Son mari n’est actuellement pas là, puisqu’il s’occupe lui aussi de sa mère dépendante, qui vit encore chez elle, à une trentaine de kilomètres de là. “Mon mari s’occupe aussi de sa maman, pour permettre à mon beau-frère de partir en vacances. Le problème des aidants, c’est le répit. Pour ma part, je suis aidée une fois par semaine. Cela me permet de faire autre chose, ne serait-ce qu’un rendez-vous médical ou d’aller faire les magasins. C’est primordial, le répit, car on reçoit beaucoup d’attention. Même si on a parfois l’impression que les autres ne sont pas présents, il faut quand même l’être pour eux.”
Martine bénéficie justement d’une aide appelée “le répit”. Un décret publié au mois d’août 2025 prévoit qu’un professionnel puisse prendre en charge la personne aidée pendant six jours.
Il n’y a pas que la question des vacances qui se pose. Certains aidants continuent de travailler tout en accompagnant un proche : ils seraient 6 millions dans ce cas.
C’est d’ailleurs ce que fait Sylvia. Elle vit à Forbach, en Moselle, avec Gianni, son fils de 10 ans atteint d’une maladie génétique rare. Il ne parle pas, porte des couches, n’est pas autonome, mais entre le piano et les dessins animés à plein volume, il met de l’ambiance à la maison.

Dans ces conditions, il lui est impossible de travailler depuis chez elle. Sylvia s’est donc organisée avec son employeur, France Travail : elle s’occupe de son fils le matin, jusqu’à ce qu’un bus vienne l’emmener dans un centre spécialisé. “Aujourd’hui, le fait d’être encore salariée tout en m’occupant de mon enfant relève d’un véritable combat. C’est un enfant qui me sollicite en permanence”, explique Sylvia
“Je remplis un rôle d’aide-soignante, qui consiste à lui changer les couches, à le nourrir. Lorsqu’il part à l’IEM, j’ai déjà accompli trois heures d’activités intenses.”
Sylvia, habitante de Forbach en Moselleà franceinfo
Après cela, elle se met au travail : “Je m’occupe d’un public parfois difficile, pour lequel il faut être patient et à l’écoute. Cela me fait également du bien, car cela me permet de sortir du cadre du foyer. Tant que je peux préserver mon activité de salariée, je le fais.” Pour compenser les matinées consacrées à son fils, Sylvia perçoit une allocation de 33 euros par demi-journée. Le problème, c’est que cette aide ne couvre pas toute l’année et qu’elle est limitée à six ans maximum.

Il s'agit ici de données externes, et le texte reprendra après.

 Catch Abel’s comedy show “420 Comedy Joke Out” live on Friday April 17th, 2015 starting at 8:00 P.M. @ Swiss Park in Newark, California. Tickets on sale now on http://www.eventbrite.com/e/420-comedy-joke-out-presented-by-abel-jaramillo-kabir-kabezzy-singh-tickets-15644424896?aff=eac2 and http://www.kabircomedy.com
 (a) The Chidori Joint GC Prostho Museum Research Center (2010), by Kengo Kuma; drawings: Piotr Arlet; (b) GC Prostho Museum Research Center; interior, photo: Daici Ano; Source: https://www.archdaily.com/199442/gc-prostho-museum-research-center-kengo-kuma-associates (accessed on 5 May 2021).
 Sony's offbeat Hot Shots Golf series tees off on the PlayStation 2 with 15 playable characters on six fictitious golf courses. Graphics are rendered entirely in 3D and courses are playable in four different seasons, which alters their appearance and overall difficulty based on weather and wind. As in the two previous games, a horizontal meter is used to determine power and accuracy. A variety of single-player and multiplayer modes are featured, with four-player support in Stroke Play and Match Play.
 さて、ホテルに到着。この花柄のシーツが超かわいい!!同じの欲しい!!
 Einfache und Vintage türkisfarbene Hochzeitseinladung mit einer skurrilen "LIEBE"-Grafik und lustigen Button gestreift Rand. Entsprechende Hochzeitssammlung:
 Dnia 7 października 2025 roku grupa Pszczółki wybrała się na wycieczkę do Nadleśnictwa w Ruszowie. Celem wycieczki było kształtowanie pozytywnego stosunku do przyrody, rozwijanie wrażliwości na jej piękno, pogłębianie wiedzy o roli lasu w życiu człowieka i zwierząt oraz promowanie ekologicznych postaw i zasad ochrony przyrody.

Obtenir ces aides relève souvent du parcours du combattant. C’est notamment pour cette raison que Sonia Jabri, mère d’une jeune femme de 18 ans atteinte de polyhandicap, a créé le Syndicat national des aidants. Dans la banlieue de Nancy, elle loue un appartement au rez-de-chaussée, adapté au fauteuil roulant de sa fille, Nina.

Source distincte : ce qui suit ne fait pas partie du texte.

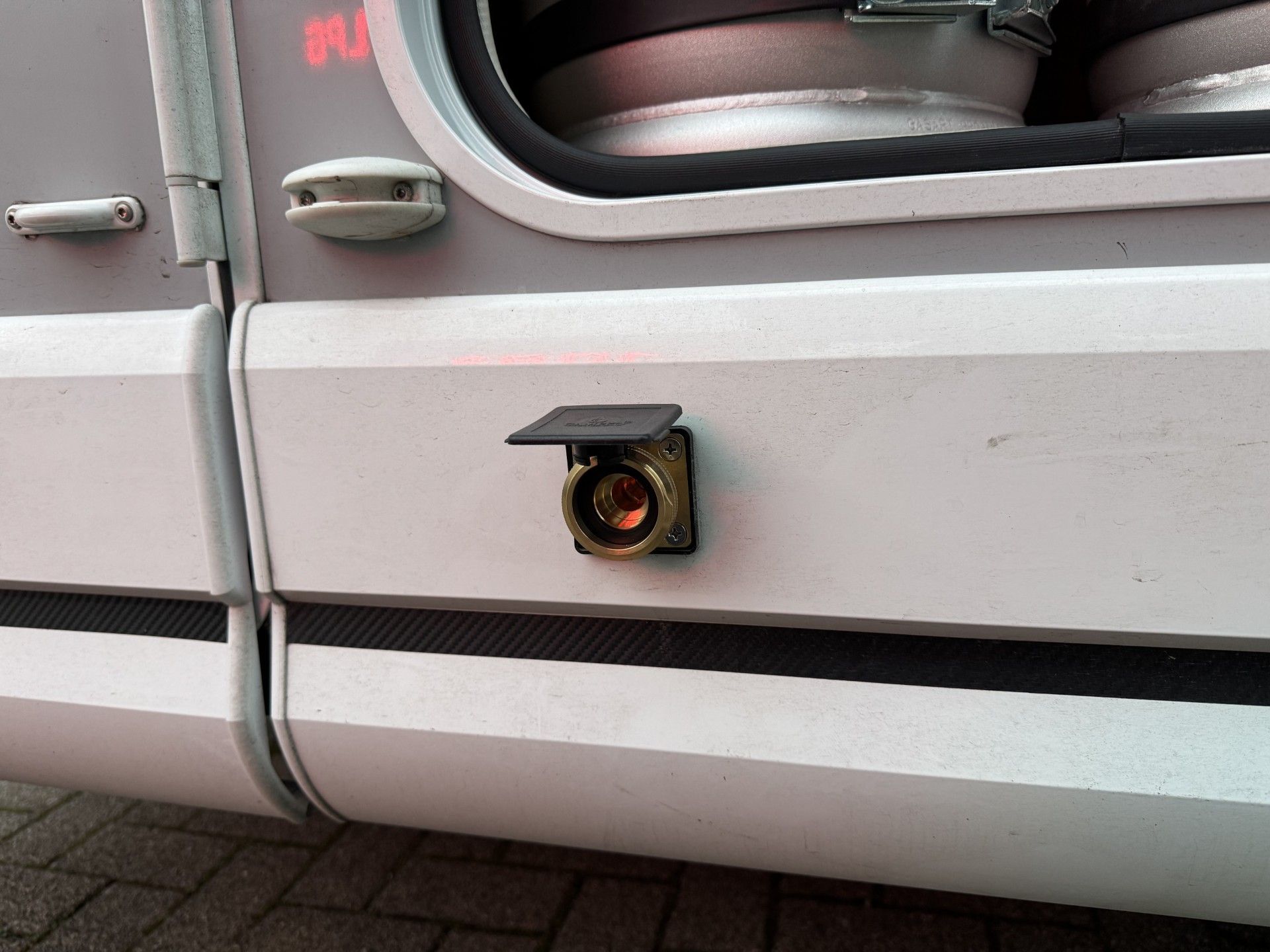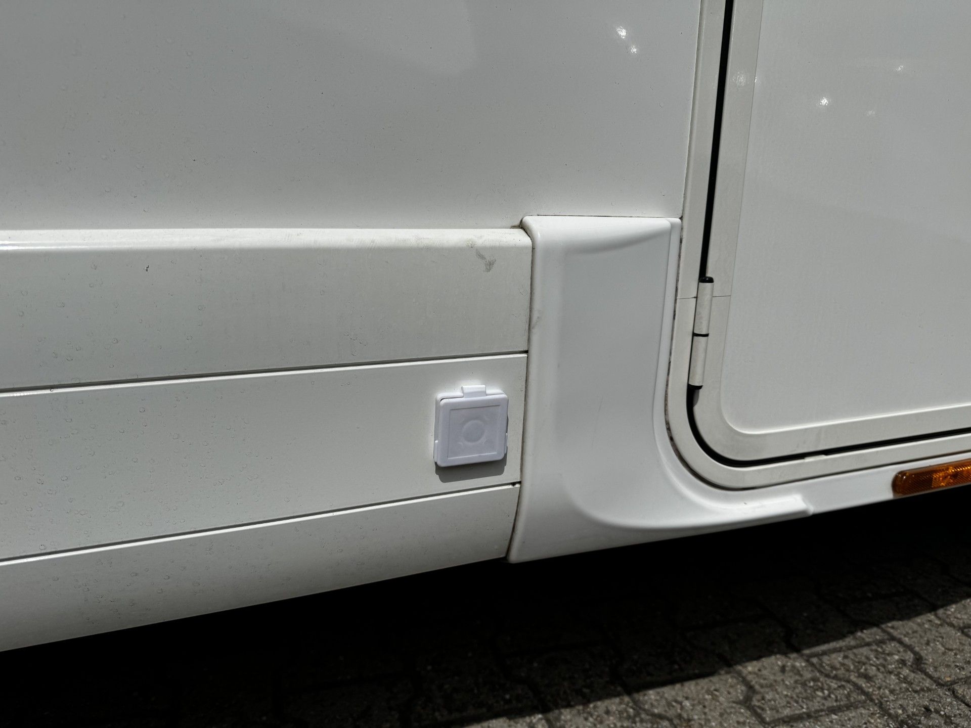 Das Außenbetankungsventil wurde an der oberen Ecke des Gasksten platziert. Mit der dezenten weißen Schutzkappe fällt es nicht weiter auf.

Sonia Jabri se bat pour que les aidants soient mieux reconnus et que leur quotidien soit davantage facilité, notamment lorsqu’il s’agit de remplir les dossiers de la MDPH (Maison départementale des personnes handicapées). “J’ai moins de mal à gérer ma fille, qui ne parle pas, ne marche pas, n’est pas propre à 18 ans et fait des crises d’épilepsie, qu’à remplir un dossier de la MDPH. Pourquoi ne pas mettre automatiquement les aides en place dès le diagnostic d’une maladie, d’un handicap ou d’une dépendance ?”, interpelle Sonia, non sans amertume.
“Aujourd’hui, cela conduit certains aidants au burn-out, voire à des tentatives de suicide. Est-ce ainsi que l’on veut traiter les personnes qui, chaque jour, soulagent les plus vulnérables en France ?”
Sonia Jabri, mère d’une jeune femme de 18 ans atteinte de polyhandicapà franceinfo
Selon la Ligue contre le cancer, les aidants permettent à la société d’économiser près de 11 milliards d’euros par an, en assurant gratuitement une grande partie de l’accompagnement. La présidente du Syndicat national des aidants plaide désormais pour une loi qui accorderait un véritable statut aux aidants et ouvrirait automatiquement des aides à ces millions de personnes. Elle espère convaincre le gouvernement de porter ce texte, avec le soutien de députés de tous horizons. Plusieurs élus ont déjà rejoint son initiative.